##### Information provided #####
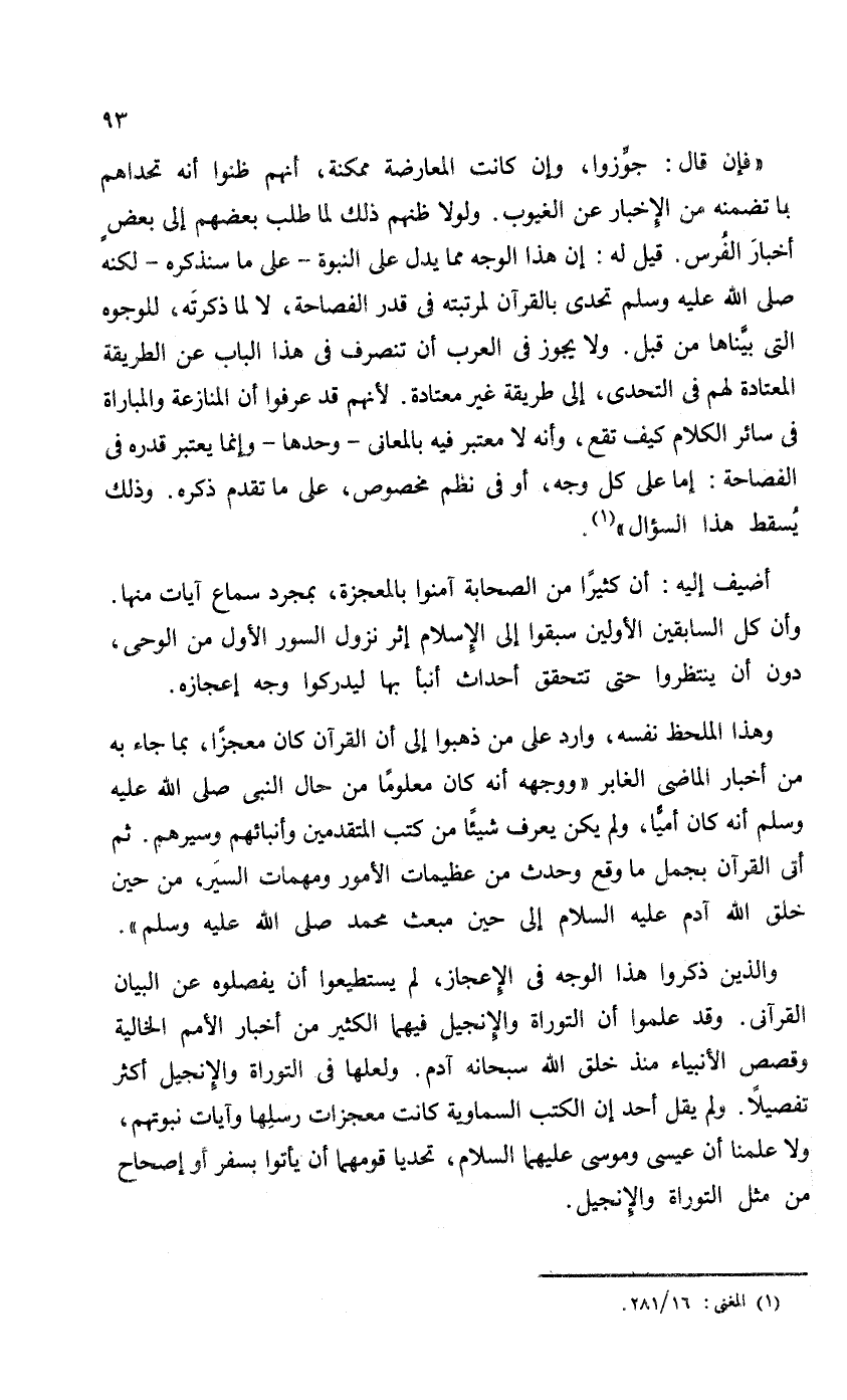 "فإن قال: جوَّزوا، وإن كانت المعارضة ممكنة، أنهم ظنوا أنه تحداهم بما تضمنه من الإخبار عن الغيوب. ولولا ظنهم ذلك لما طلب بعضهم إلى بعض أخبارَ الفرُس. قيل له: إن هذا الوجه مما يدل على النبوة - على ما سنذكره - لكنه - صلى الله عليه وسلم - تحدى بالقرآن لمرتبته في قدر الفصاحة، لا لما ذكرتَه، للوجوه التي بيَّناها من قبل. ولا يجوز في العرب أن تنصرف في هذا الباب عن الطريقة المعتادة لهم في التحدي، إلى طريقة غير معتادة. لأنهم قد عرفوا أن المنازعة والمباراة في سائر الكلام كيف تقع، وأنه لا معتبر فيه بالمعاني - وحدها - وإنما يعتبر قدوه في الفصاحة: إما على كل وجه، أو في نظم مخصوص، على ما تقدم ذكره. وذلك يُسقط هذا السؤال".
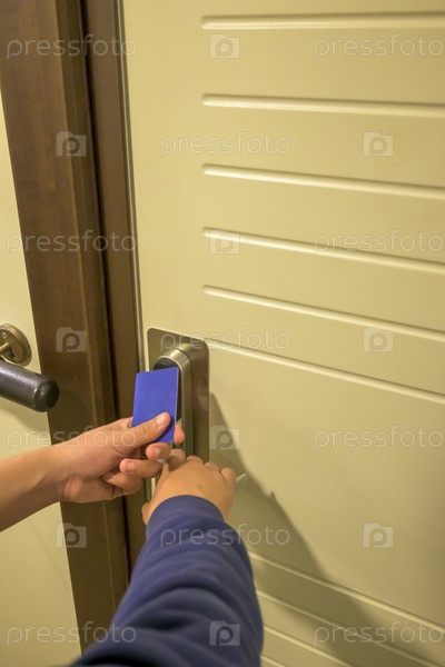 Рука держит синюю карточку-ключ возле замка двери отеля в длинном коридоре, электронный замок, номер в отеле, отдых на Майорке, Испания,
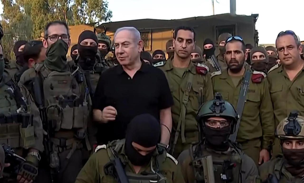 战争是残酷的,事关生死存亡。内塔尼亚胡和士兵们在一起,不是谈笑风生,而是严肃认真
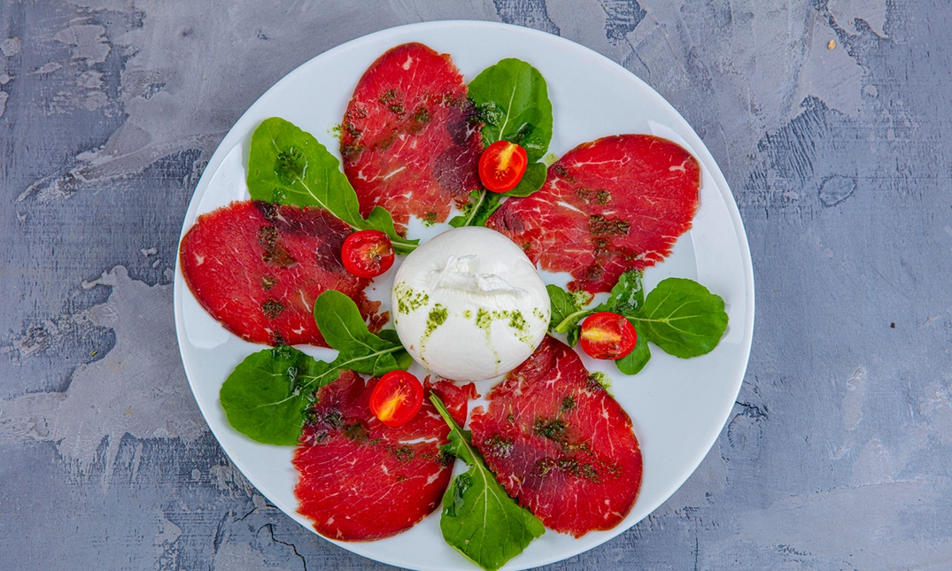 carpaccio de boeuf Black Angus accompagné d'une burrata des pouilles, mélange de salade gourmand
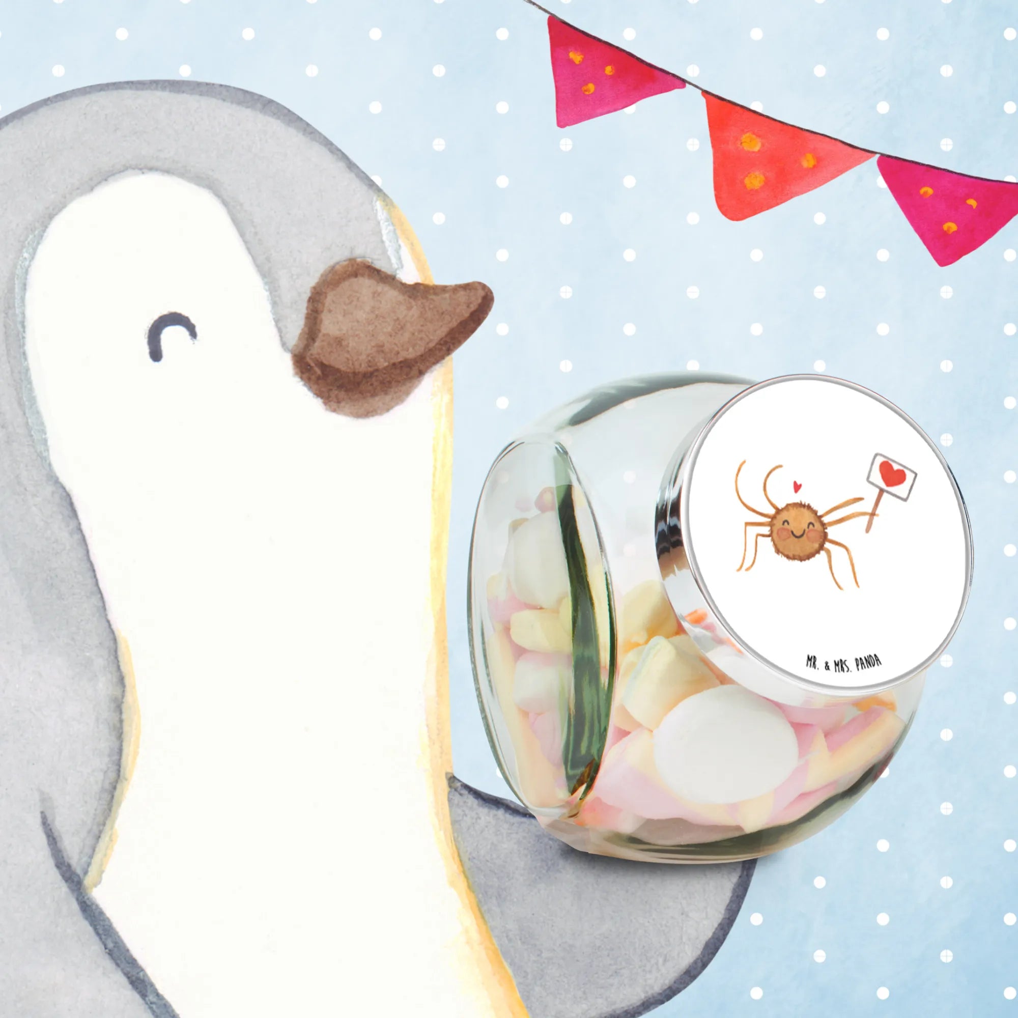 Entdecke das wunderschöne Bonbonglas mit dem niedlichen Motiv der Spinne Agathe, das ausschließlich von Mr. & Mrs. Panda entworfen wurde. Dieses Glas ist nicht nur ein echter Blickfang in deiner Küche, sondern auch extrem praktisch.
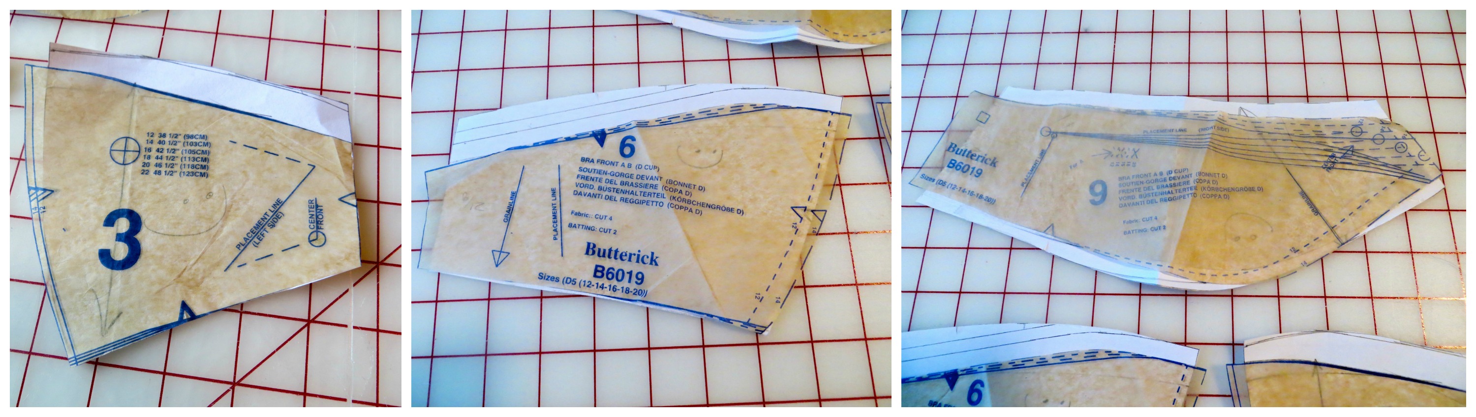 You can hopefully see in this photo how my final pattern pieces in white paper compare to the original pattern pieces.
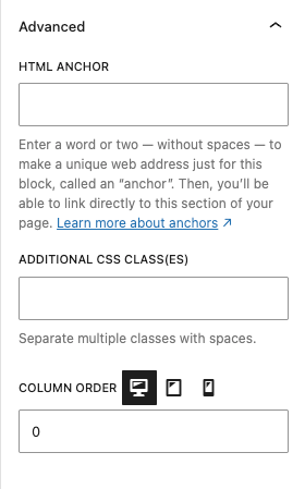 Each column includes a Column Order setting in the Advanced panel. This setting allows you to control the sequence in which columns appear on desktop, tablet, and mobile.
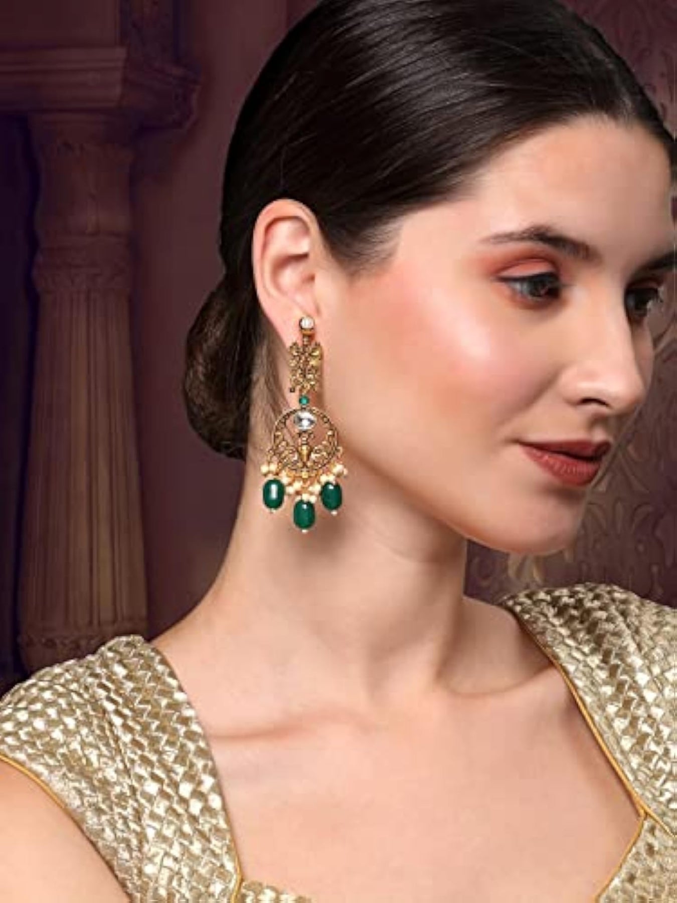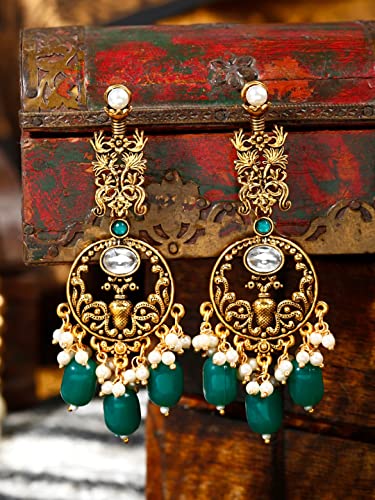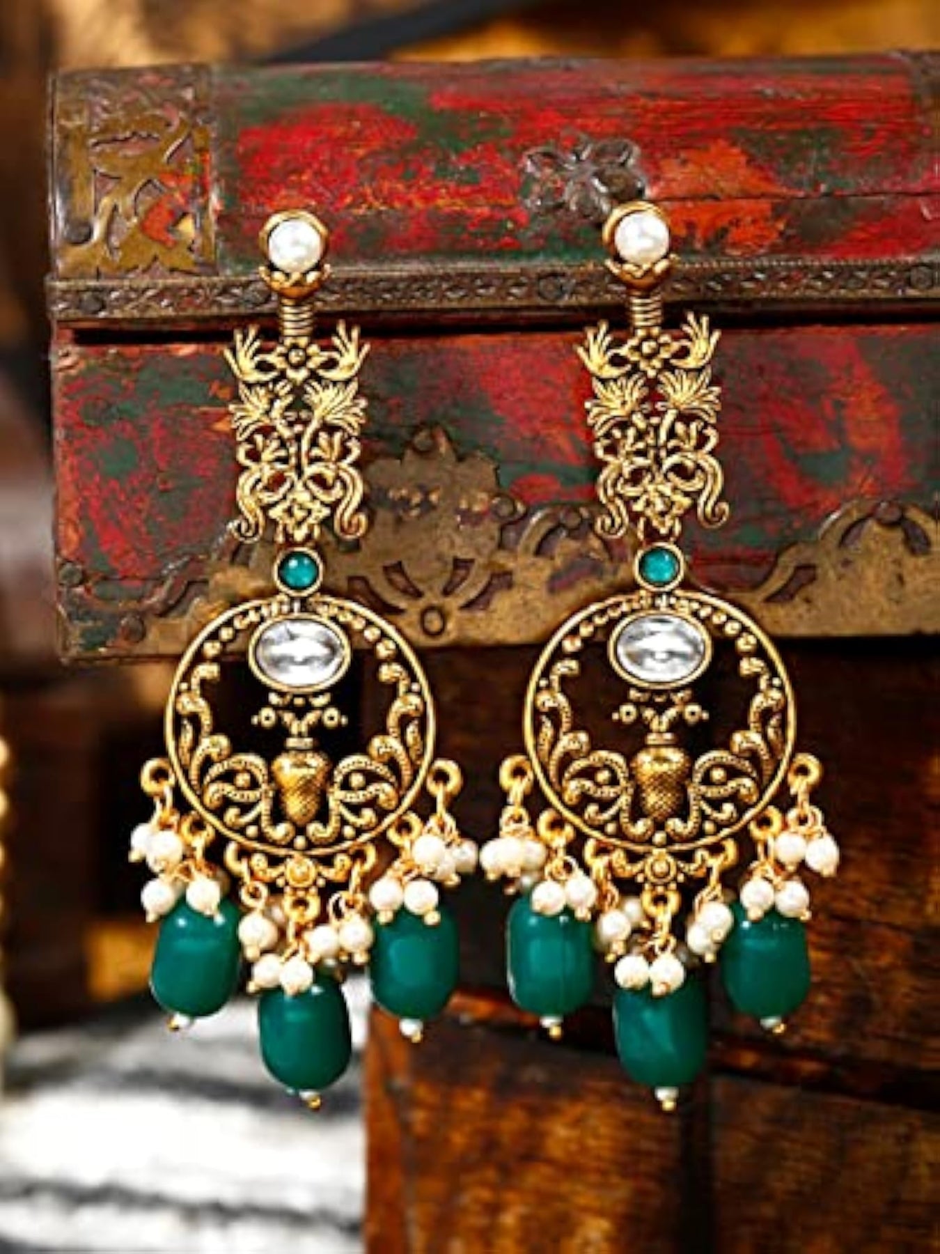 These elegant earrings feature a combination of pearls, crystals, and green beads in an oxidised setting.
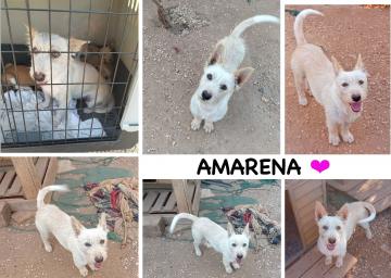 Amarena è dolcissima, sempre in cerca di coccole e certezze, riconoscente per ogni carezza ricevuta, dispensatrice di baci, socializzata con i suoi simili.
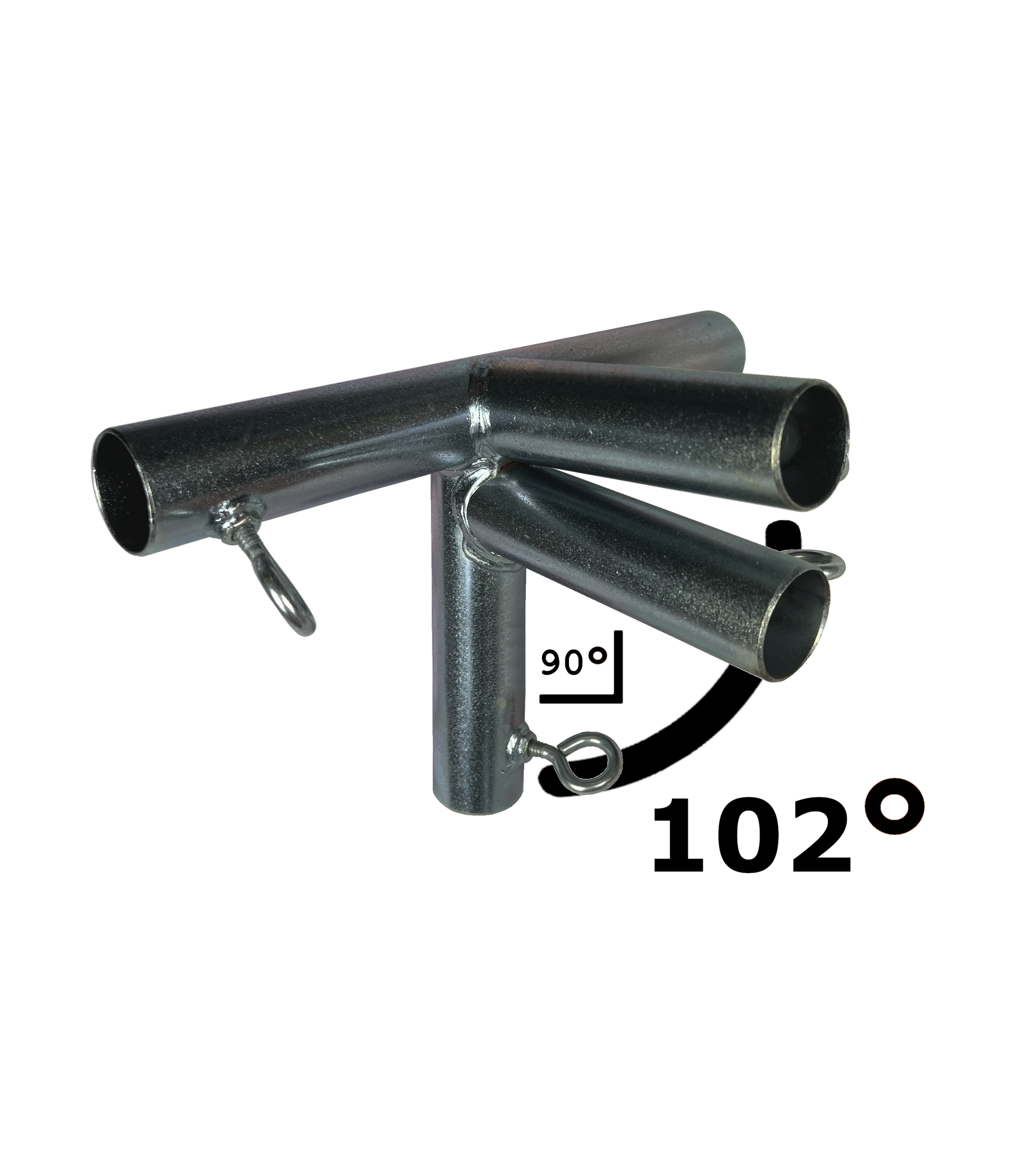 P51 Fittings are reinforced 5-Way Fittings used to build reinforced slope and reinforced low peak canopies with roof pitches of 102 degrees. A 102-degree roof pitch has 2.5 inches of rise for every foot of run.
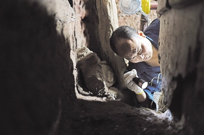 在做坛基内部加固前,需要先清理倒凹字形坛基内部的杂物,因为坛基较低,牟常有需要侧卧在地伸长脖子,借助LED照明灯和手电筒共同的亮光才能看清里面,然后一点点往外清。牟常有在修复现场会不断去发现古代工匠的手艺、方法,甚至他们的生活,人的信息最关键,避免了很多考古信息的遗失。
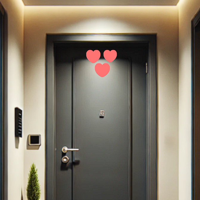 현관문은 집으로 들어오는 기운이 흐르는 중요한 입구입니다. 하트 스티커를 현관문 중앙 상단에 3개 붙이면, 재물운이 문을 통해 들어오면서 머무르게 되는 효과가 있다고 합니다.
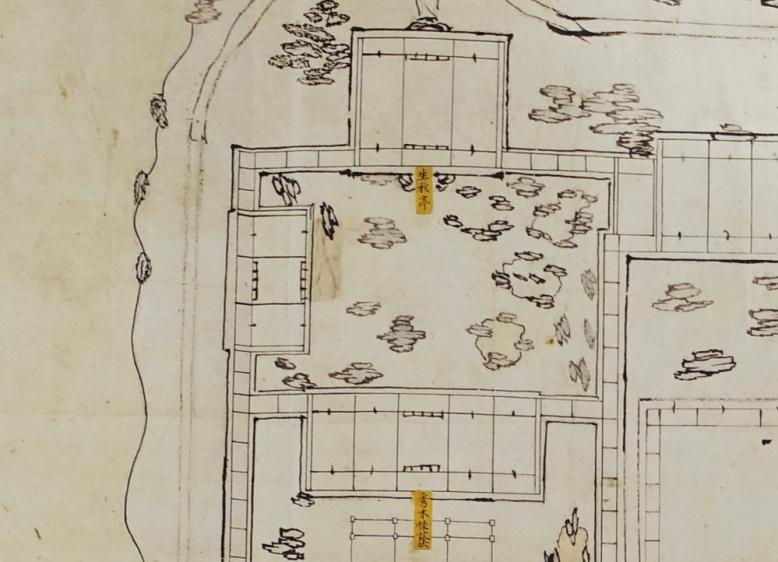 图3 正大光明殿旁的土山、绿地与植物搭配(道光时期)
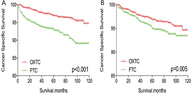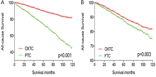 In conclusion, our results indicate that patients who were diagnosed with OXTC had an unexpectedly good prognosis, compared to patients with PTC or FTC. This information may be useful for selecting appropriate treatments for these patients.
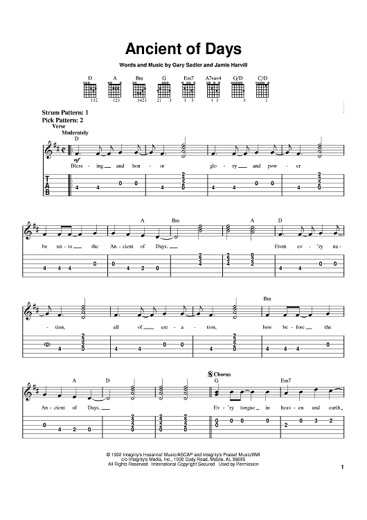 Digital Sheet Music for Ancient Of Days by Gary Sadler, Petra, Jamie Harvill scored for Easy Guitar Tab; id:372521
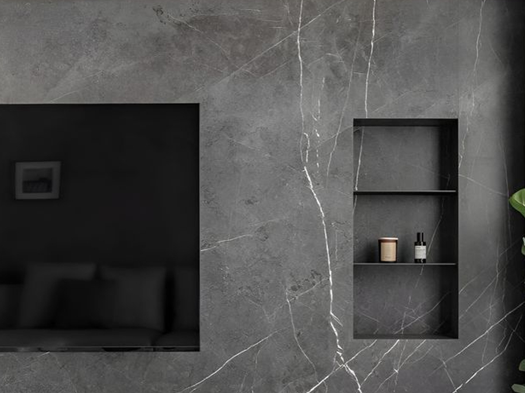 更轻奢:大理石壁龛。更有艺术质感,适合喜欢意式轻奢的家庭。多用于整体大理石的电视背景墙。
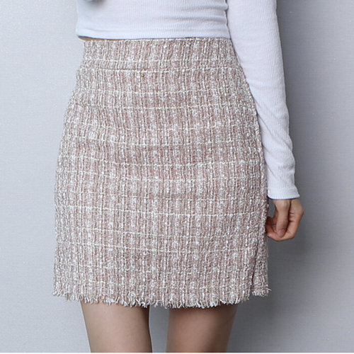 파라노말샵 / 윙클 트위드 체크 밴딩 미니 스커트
#####
To do: For each entry, repeat its text exactly and leave out any picture it holds.

Response to this task:
 "فإن قال: جوَّزوا، وإن كانت المعارضة ممكنة، أنهم ظنوا أنه تحداهم بما تضمنه من الإخبار عن الغيوب. ولولا ظنهم ذلك لما طلب بعضهم إلى بعض أخبارَ الفرُس. قيل له: إن هذا الوجه مما يدل على النبوة - على ما سنذكره - لكنه - صلى الله عليه وسلم - تحدى بالقرآن لمرتبته في قدر الفصاحة، لا لما ذكرتَه، للوجوه التي بيَّناها من قبل. ولا يجوز في العرب أن تنصرف في هذا الباب عن الطريقة المعتادة لهم في التحدي، إلى طريقة غير معتادة. لأنهم قد عرفوا أن المنازعة والمباراة في سائر الكلام كيف تقع، وأنه لا معتبر فيه بالمعاني - وحدها - وإنما يعتبر قدوه في الفصاحة: إما على كل وجه، أو في نظم مخصوص، على ما تقدم ذكره. وذلك يُسقط هذا السؤال".
 Рука держит синюю карточку-ключ возле замка двери отеля в длинном коридоре, электронный замок, номер в отеле, отдых на Майорке, Испания,
 战争是残酷的,事关生死存亡。内塔尼亚胡和士兵们在一起,不是谈笑风生,而是严肃认真
 carpaccio de boeuf Black Angus accompagné d'une burrata des pouilles, mélange de salade gourmand
 Entdecke das wunderschöne Bonbonglas mit dem niedlichen Motiv der Spinne Agathe, das ausschließlich von Mr. & Mrs. Panda entworfen wurde. Dieses Glas ist nicht nur ein echter Blickfang in deiner Küche, sondern auch extrem praktisch.
 You can hopefully see in this photo how my final pattern pieces in white paper compare to the original pattern pieces.
 Each column includes a Column Order setting in the Advanced panel. This setting allows you to control the sequence in which columns appear on desktop, tablet, and mobile.
 These elegant earrings feature a combination of pearls, crystals, and green beads in an oxidised setting.
 Amarena è dolcissima, sempre in cerca di coccole e certezze, riconoscente per ogni carezza ricevuta, dispensatrice di baci, socializzata con i suoi simili.
 P51 Fittings are reinforced 5-Way Fittings used to build reinforced slope and reinforced low peak canopies with roof pitches of 102 degrees. A 102-degree roof pitch has 2.5 inches of rise for every foot of run.
 在做坛基内部加固前,需要先清理倒凹字形坛基内部的杂物,因为坛基较低,牟常有需要侧卧在地伸长脖子,借助LED照明灯和手电筒共同的亮光才能看清里面,然后一点点往外清。牟常有在修复现场会不断去发现古代工匠的手艺、方法,甚至他们的生活,人的信息最关键,避免了很多考古信息的遗失。
 현관문은 집으로 들어오는 기운이 흐르는 중요한 입구입니다. 하트 스티커를 현관문 중앙 상단에 3개 붙이면, 재물운이 문을 통해 들어오면서 머무르게 되는 효과가 있다고 합니다.
 图3 正大光明殿旁的土山、绿地与植物搭配(道光时期)
 In conclusion, our results indicate that patients who were diagnosed with OXTC had an unexpectedly good prognosis, compared to patients with PTC or FTC. This information may be useful for selecting appropriate treatments for these patients.
 Digital Sheet Music for Ancient Of Days by Gary Sadler, Petra, Jamie Harvill scored for Easy Guitar Tab; id:372521
 更轻奢:大理石壁龛。更有艺术质感,适合喜欢意式轻奢的家庭。多用于整体大理石的电视背景墙。
 파라노말샵 / 윙클 트위드 체크 밴딩 미니 스커트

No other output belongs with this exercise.